Malta: Trade Volumes
Citation: IMF Research Bulletin 2019, 003; 10.5089/9781513523972.026.A005
Sources: Eurostat; MarineTraffic; and authors’ calculations.Note: AIS = automatic identification system.These results suggest that it may be possible to track international trade in real time using AIS data on vessel traffic. This new trade index would not supplant but supplement traditional statistics on trade by providing fast readings and greater detail on international trade movements.
It may be of particular value for countries with relatively weak statistical capacity to capture trade flows in a timely way. The index would therefore help identify the turning points of the economy much faster and generate early warning signals of a trade slowdown.
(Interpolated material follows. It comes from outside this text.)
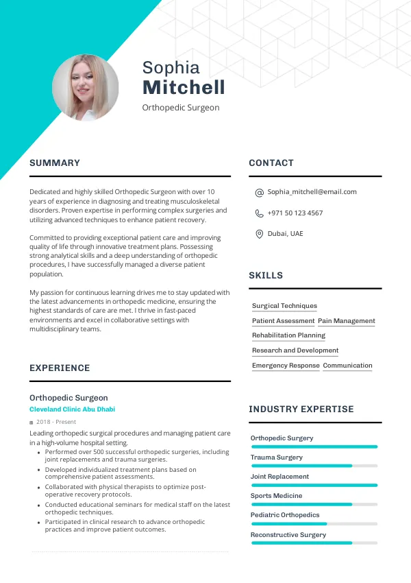 Leading healthcare institutions in the UAE, such as Cleveland Clinic Abu Dhabi, Mediclinic, and NMC Healthcare, are actively seeking Orthopedic Surgeons in 2026. Their focus on advanced healthcare delivery and patient outcomes underscores the importance of senior roles in supporting long-term residency and Golden Visa pathways. Highlighting your experience with reputable employers in your resume can strengthen your seniority signaling.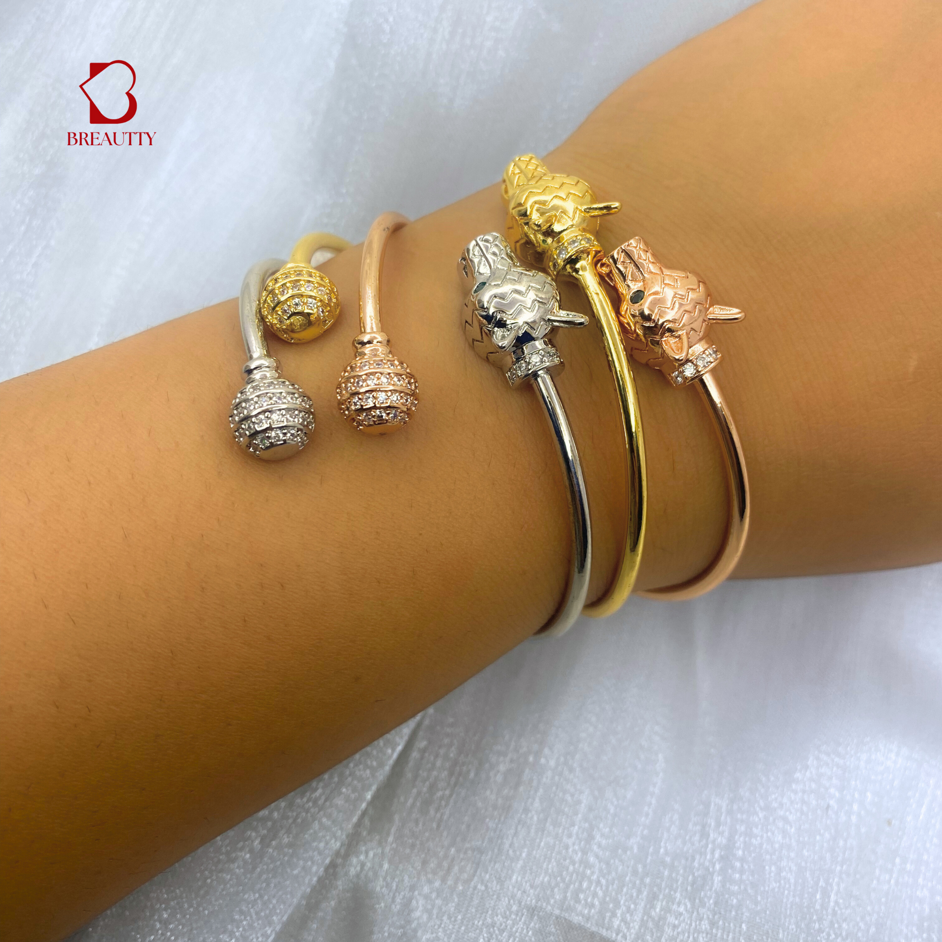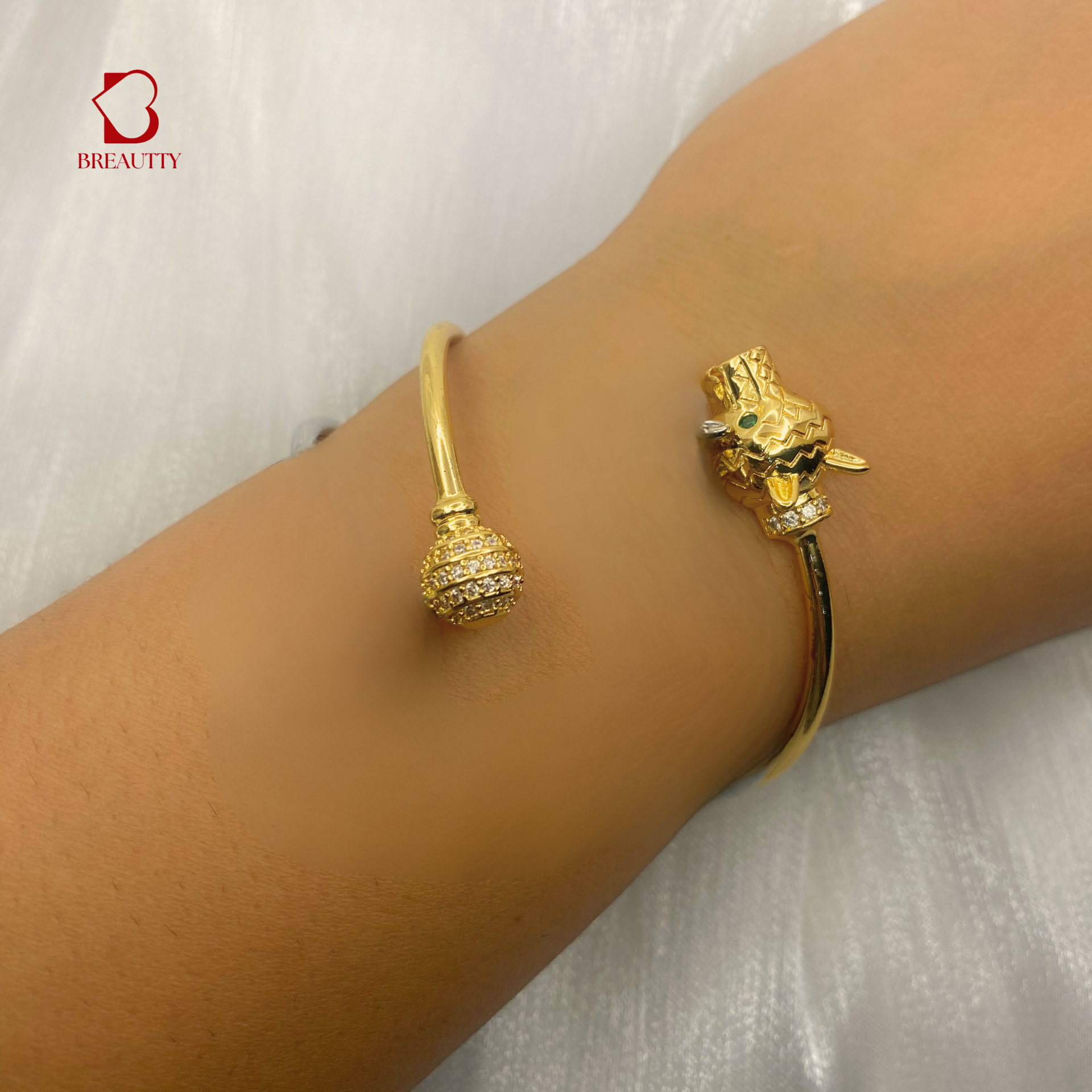 BREAUTTY 18K GOLD-PLATED PANTHER BRACELET STACK

These findings have important implications for policymaking. International trade represents a significant share of GDP in many countries, particularly in small states with open economies. Tracking a country’s trade in real time may offer quick and valuable insight into the health of an economy. The methodology applied for Malta can easily be extended to other countries, particularly those with a sizable share of trade carried by ships. Going in this direction, the IMF team covering Kiribati-a small and fragile state with one of the largest ocean territories in the world-plans to use the methodology in the forthcoming checkup of the country’s economy. At the global level, AIS data offer great potential for observing world trade flows on a real-time basis, thereby greatly improving the monitoring of global trade patterns.
Technology is offering several new big data sources, such as high-frequency vessel traffic data. We live in an era of a continuously evolving and expanding ecosystem of data and statistics. And data are much more accessible than in the past. The challenge is for policymakers and private entities to learn how to transform big data into high-quality statistics and use them to make better decisions.